A friend was playing with that cute little particle-physics simulator idea I mentioned last week. And encountered a problem. With a little bit of thought, I was able to not solve the problem. But I was able to explain why it was a subtler and more difficult problem than they had realized. These are the moments that make me feel justified calling myself a mathematician.

The proposed simulation was simple enough: imagine a bunch of particles that interact by rules that aren’t necessarily symmetric. Like, the attraction particle A exerts on particle B isn’t the same as what B exerts on A. Or there are multiple species of particles. So (say) red particles are attracted to blue but repelled by green. But green is attracted to red and repelled by blue twice as strongly as red is attracted to blue. Your choice.

Give a mathematician a perfectly good model of something. She’ll have the impulse to try tinkering with it. One reliable way to tinker with it is to change the domain on which it works. If your simulation supposes you have particles moving on the plane, then, what if they were in space instead? Or on the surface of a sphere? Or what if something was strange about the plane? My friend had this idea: what if the particles were moving on the surface of a cube?

And the problem was how to find the shortest distance between two particles on the surface of a cube. The distance matters since most any attraction rule depends on the distance. This may be as simple as “particles more than this distance apart don’t interact in any way”. The obvious approach, or if you prefer the naive approach, is to pretend the cube is a sphere and find distances that way. This doesn’t get it right, not if the two points are on different faces of the cube. If they’re on adjacent faces, ones which share an edge — think the floor and the wall of a room — it seems straightforward enough. My friend got into trouble with points on opposite faces. Think the floor and the ceiling.

This problem was posed (to the public) in January 1905 by Henry Ernest Dudeney. Dudeney was a newspaper columnist with an exhaustive list of mathematical puzzles. A couple of the books collecting them are on Project Gutenberg. The puzzles show their age in spots. Some in language; some in problems that ask to calculate money in pounds-shillings-and-pence. Many of them are chess problems. But many are also still obviously interesting, and worth thinking about. This one, I was able to find, was a variation of The Spider and the Fly, problem 75 in **The Canterbury Puzzles**:

Inside a rectangular room, measuring 30 feet in length and 12 feet in width and height, a spider is at a point on the middle of one of the end walls, 1 foot from the ceiling, as at A; and a fly is on the opposite wall, 1 foot from the floor in the centre, as shown at B. What is the shortest distance that the spider must crawl in order to reach the fly, which remains stationary? Of course the spider never drops or uses its web, but crawls fairly.

(Also I admire Dudeney’s efficient closing off of the snarky, problem-breaking answer someone was sure to give. It suggests experienced thought about how to pose problems.)

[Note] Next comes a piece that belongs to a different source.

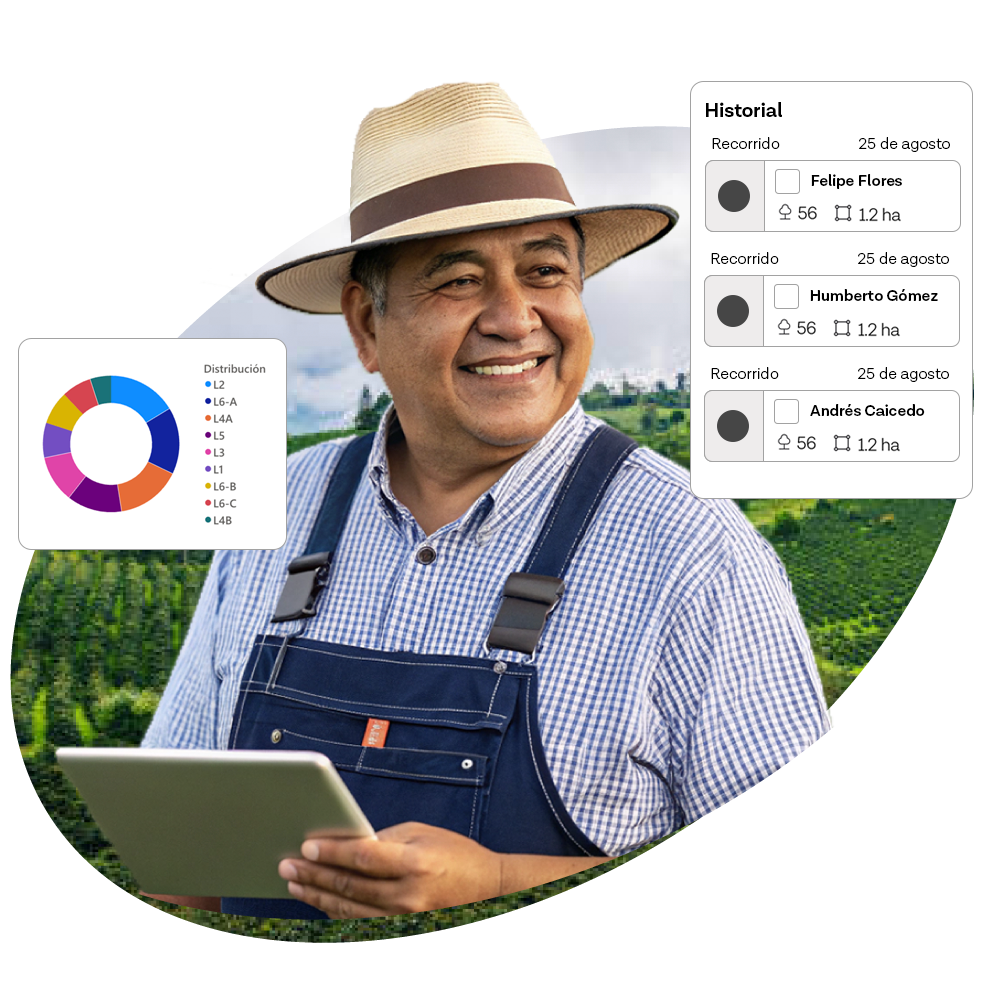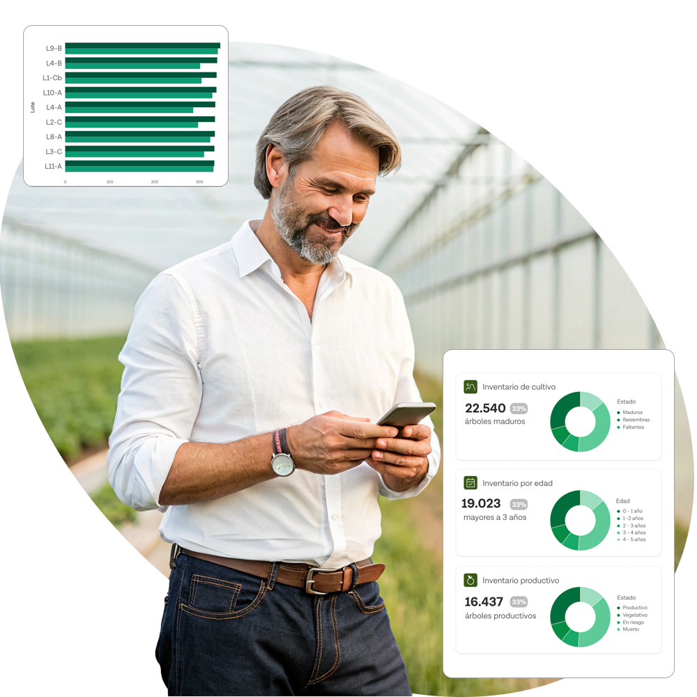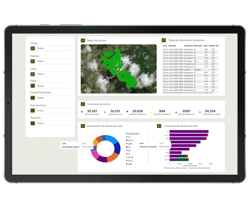 Administra tus lotes, líneas de siembra y árboles con información precisa y herramientas visuales que te permiten hacer seguimiento a la evolución de tu proyecto.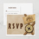Vintage Adventure Wedding Response Postcard featuring a rope border, an antique compass, a dinosaur information plate and a distressed look digital art paper texture background. This cool wedding RSVP postcard is perfect for an archaeology adventure or museum themed wedding. Easy to customize, simply add your wedding details. Click "Customize It" to find more personalization options.

What makes this a puzzle, even a paradox, is that the obvious answer is wrong. At least, what seems like the obvious answer is to start at point A, move to one of the surfaces connecting the spider’s and the fly’s starting points, and from that move to the fly’s surface. But, no: you get a shorter answer by using more surfaces. Going on a path that *seems* like it wanders more gets you a shorter distance. The solution’s presented here, along with some follow-up problems. In this case, the spider’s shortest path uses five of the six surfaces of the room.

The approach to finding this is an ingenious one. Imagine the room as a box, and unfold it into something flat. Then find the shortest distance on *that* flat surface. Then fold the box back up. It’s a good trick. It turns out to be useful in many problems. Mathematical physicists often have reason to ponder paths of things on flattenable surfaces like this. Sometimes they’re boxes. Sometimes they’re toruses, the shape of a doughnut. This kind of unfolding often makes questions like “what’s the shortest distance between points” easier to solve.

There are wrinkles to the unfolding. Of course there are. How interesting would it be if there weren’t? The wrinkles amount to this. Imagine you start at the corner of the room, and walk up a wall at a 45 degree angle to the horizon. You’ll get to the far corner eventually, if the room has proportions that allow it. All right. But suppose you walked up at an angle of 30 degrees to the horizon? At an angle of 75 degrees? You’ll wind your way around the walls (and maybe floor and ceiling) some number of times, each path you start with. Probably different numbers of times. Some path will be shortest, and that’s fine. But … like, think about the path that goes along the walls and ceiling and floor three times over. The room, unfolded into a flat panel, has only one floor and one ceiling and each wall once. The straight line you might be walking goes right off the page.

And this is the wrinkle. You might need to tile the room. In a column of blocks (like in Dudeney’s solution) every fourth block might be the floor, with, between any two of them, a ceiling. This is fine, and what’s needed. It can be a bit dizzying to imagine such a state of affairs. But if you’ve ever zoomed a map of the globe out far enough that you see Australia six times over then you’ve understood how this works.

I cannot attest that this has helped my friend in the slightest. I am glad that my friend wanted to think about the surface of the cube. The surface of a dodecahedron would be far, far past my ability to help with.